Massachusetts Firefighters Union Overturns State Coronavirus Vaccine Plans

The head of the state firefighters’ union said he fears that its members will end up being vaccinated with hoses due to the state’s “lack of coordination and communication”.

Richard MacKinnon Jr., president of the Massachusetts Professional Firefighters union, said the state is leaving vaccinations for first responders to local health councils to vaccinate jakes – and this is ending with mixed results.

“It looks like there was a lack of a plan,” MacKinnon told the Herald on Tuesday. “It is just a general lack of coordination and communication”.

MacKinnon said he is not blaming health councils, which in smaller cities simply do not have many employees and are already overwhelmed.
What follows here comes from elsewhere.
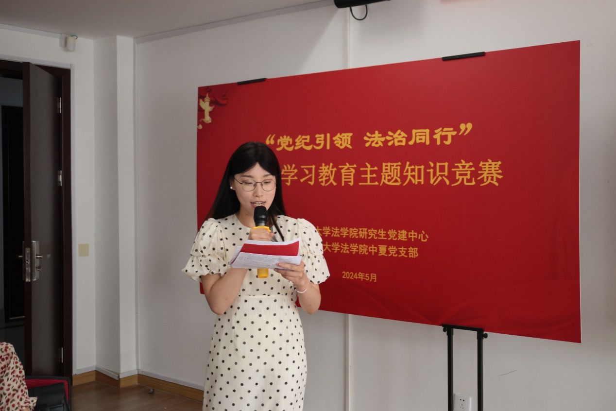 为了认真推进党纪学习教育的开展,加强澳门pg官方电子平台全体学生党员对《中国共产党纪律处分条例》的学习领会,强化党支部的纪律建设,2024年5月30日下午,澳门pg官方电子平台研究生党建中心联合本科中夏党支部开展“党纪引领﹒法治同行”党纪学习教育主题知识竞赛。来自澳门pg官方电子平台各本研党支部的10支队伍参加竞赛。澳门pg官方电子平台组织人事部组织处副处长、党校副校长卢吉超老师,党委研究生工作部副部长周轶老师,学工办思政科副科长孙钟玲老师,澳门pg官方电子平台党委副书记、副院长于伟老师及全体本研思政辅导员观摩了竞赛。

Instead, the state should take the reins and establish vaccination centers, he said – or just train some of the jakes, many of whom are already paramedics or paramedics, and let them do it themselves.
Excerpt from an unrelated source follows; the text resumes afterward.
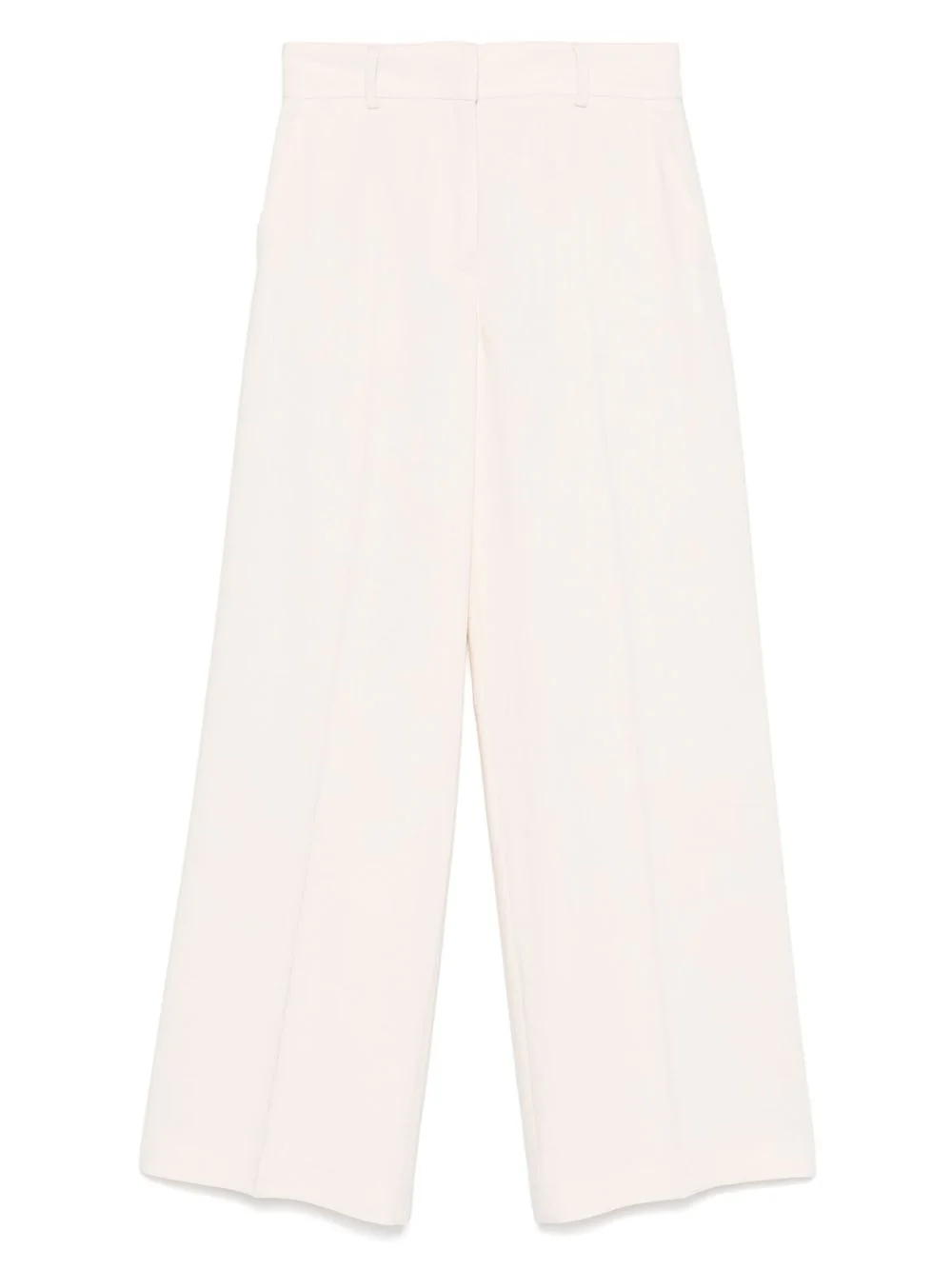 pressed-crease trousers Highlights - White - Concealed front button, hook and zip fastening - Two side slash pockets - Two rear welt pockets - Belt loops Imported Composition Outer: Viscose 91%, Polyester 8%, Elastane 1% Lining: Polyester 100% SIZE & FIT Model measurements Height 5 ft 10 in(1.78 m) Bust/Chest 31.49 in(80 cm) Hips 37 in(94 cm) Waist 23.62 in(60 cm) FittingInformation Designed with a wide-leg cut, these trousers allow for a close fit at the waist and offer a loose and roomy fit over the leg Made from a midweight stretch fabric, this piece offers elasticity and flexibility when worn Washing instructions Dry Clean Only

“Massachusetts has not yet provided a date, time or place for vaccinations,” the union tweeted on Tuesday. “Most of our members are paramedics and paramedics, which would allow us to give each other vaccines.”

The COVID-19 Response Command Center said in a statement that the state is “actively working” with local health departments, local hospitals and other medical service providers to discover the ability to vaccinate people – and to identify locations where the first respondents can be vaccinated, a spokeswoman said.

“The first respondents are prioritized in the first phase of the state’s COVID-19 vaccine distribution plan and, based on current estimates, the state is planning to start vaccinating the police, fire and EMS in mid-January,” said the door. – Kate Reilly. “The Command Center and the Public Security Executive Office are waiting for this week’s meeting with the first respondents to review the planning that is underway to raise vaccination sites. More information will be made available as this process progresses. “

She said the state will publish an initial list of sites by the end of the month, and more providers will be added as soon as they identify capacity. Reilly said the state is “actively searching” for sites and identifying clinical partners to defend mass vaccination sites, which will be launched in early 2021.

MacKinnon, a Whitman firefighter, said that currently 805 of his union’s more than 12,000 members have COVID-19, in addition to another 650 who are quarantined. He said the cases remain on the rise.